THIRD QUARTER FINANCIAL REVIEW
Jay Monroe, Chairman and CEO of Globalstar, commented, "The
third quarter marked a momentous time for Globalstar as the Company
achieved milestones across our operating, financial and regulatory
efforts. In August, we placed the final satellite from our February
launch into service, completing the MSS industry's first
second-generation Low Earth Orbit ("LEO") constellation years ahead
of the competition. This event not only physically restores quality
Duplex service but also symbolizes our perseverance in the face of
great challenges over the past few years. We have experienced both
a material increase in network usage and the acquisition of a
growing number of new subscribers as the combination of restored
service and attractive pricing drives increased demand. The
introduction of the SPOT Global Phone helped total Duplex equipment
revenue grow 80%. We are succeeding in expanding MSS into the
nascent consumer market. Major Duplex data points including ARPU,
minutes of use, service revenue, equipment revenue and gross
subscriber additions are rebounding and provide strong evidence of
our future financial performance. The FCC's recent release of
proposed new rules permitting Globalstar to offer mobile broadband
services is the culmination of a nearly year-long effort that, once
concluded, should greatly enhance Globalstar's future profitability
while meaningfully increasing the nation's spectrum available for
terrestrial broadband service and reduce acute Wi-Fi congestion. We
look forward to working through the comment cycle in collaboration
with all stakeholders to obtain a favorable FCC order."
Revenue
Revenue was $22.5 million for the third quarter of 2013 compared
to $20.5 million for the third quarter of 2012, an increase of 10%,
which was due to increases in both service revenue and subscriber
equipment sales.
Service revenue was $17.1 million for the third quarter of 2013
compared to $15.4 million for the third quarter of 2012, an
increase of $1.7 million, or 11%. The primary driver of this
increase was growth in Duplex revenue, which increased $1.2
million, or 25%. The growth in Duplex service revenue was due
primarily to higher usage, an increase in revenue-generating
subscribers and the continued migration of subscribers to higher
rate plans that reflect improved network performance. These factors
drove a 29% increase in Duplex ARPU to $24.50. Third quarter 2013
service revenue growth also reflected SPOT revenue growth, which
increased 6% as revenue-generating subscribers increased. SPOT ARPU
increased 13% to $10.64 due in part to deactivations of non-revenue
generating subscribers beginning in the first quarter of 2013. As
previously announced, the Company initiated a process to deactivate
certain suspended (non-paying) subscribers in its subscriber base
beginning in 2013; approximately 36,000 subscribers were
deactivated during the first quarter. If suspended subscribers were
excluded from the 2012 subscriber count, average subscribers for
the third quarter of 2013 would have increased by 8%. Simplex
service revenue increased 27% due to a 24% increase in the average
subscriber base. These increases were offset slightly by a decrease
in other service revenue of $0.5 million due primarily to the
timing and amount of service revenue recognized from engineering
contracts in the third quarter of 2013 compared to the third
quarter of 2012.
Subscriber equipment revenue was $5.5 million in the third
quarter of 2013, an increase of 6% from the third quarter of 2012.

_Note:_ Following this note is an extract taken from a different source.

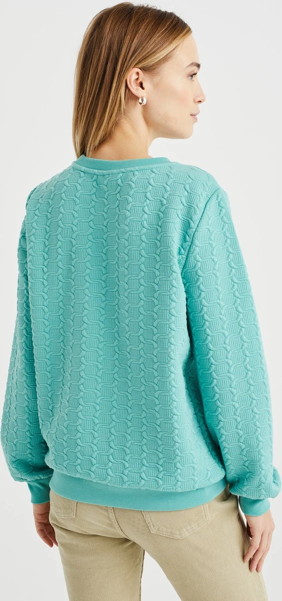 Een regular fit sweater van jersey kwaliteit met structuur en geribde boorden. Het model heeft een ronde hals en lange mouwen.

Duplex equipment revenue increased 80% from the third quarter of
2012 which was driven by the success of SPOT Global Phone sales.
Comparing the third quarter of 2013 to the same period in 2012,
Simplex equipment sales decreased $0.6 million and SPOT equipment
sales decreased $0.1 million. Simplex sales were impacted by the
change in the mix of products sold during the third quarter of 2013
compared to the third quarter of 2012. SPOT sales were impacted by
the delayed introduction of SPOT Gen 3™.
Net Loss
Net loss increased during the third quarter of 2013 reflecting
the substantial impact of multiple aggregating non-cash items
resulting from the Company's debt transactions and related
derivative instruments. The Company reported a net loss of $205.0
million for the third quarter of 2013 compared to $41.2 million for
the third quarter of 2012. Increased net loss was due primarily to
the impact of non-cash derivative losses driven by a significant
increase in the Company's stock price from June 30, 2013 to
September 30, 2013. The increased net loss was due also to the
recognition of a non-cash loss on extinguishment of debt of $63.6
million resulting from transactions executed in connection with the
Amended and Restated Loan Agreement with Thermo, which was
completed in July 2013 as a condition precedent to closing the
Amended and Restated COFACE Facility. Also contributing to the
increased net loss was higher interest expense as the amount of
interest being capitalized decreased and note conversion activity
increased, in addition to higher depreciation expense as the
Company placed additional satellites into service.
Adjusted EBITDA
Adjusted EBITDA was $2.5 million for the third quarter of 2013
compared to $3.1 million in the third quarter of 2012. This
decrease was due to an increase in total operating expenses of $2.6
million (excluding EBITDA adjustments) offset partially by an
increase in revenue of $2.0 million. The increase in operating
expenses was due to strategic investments made for sales and
marketing initiatives, including new product launches and the
expansion of the Company's distribution network, as well as
investments in its gateway infrastructure in anticipation of
increased Duplex demand.
FINANCING UPDATE
During the third quarter, Globalstar successfully completed the
amendment and restatement of its COFACE Facility Agreement. The
amended agreement provides for a material improvement to the debt
amortization schedule and covenant levels with a total deferral of
$235 million of principal payments through 2019.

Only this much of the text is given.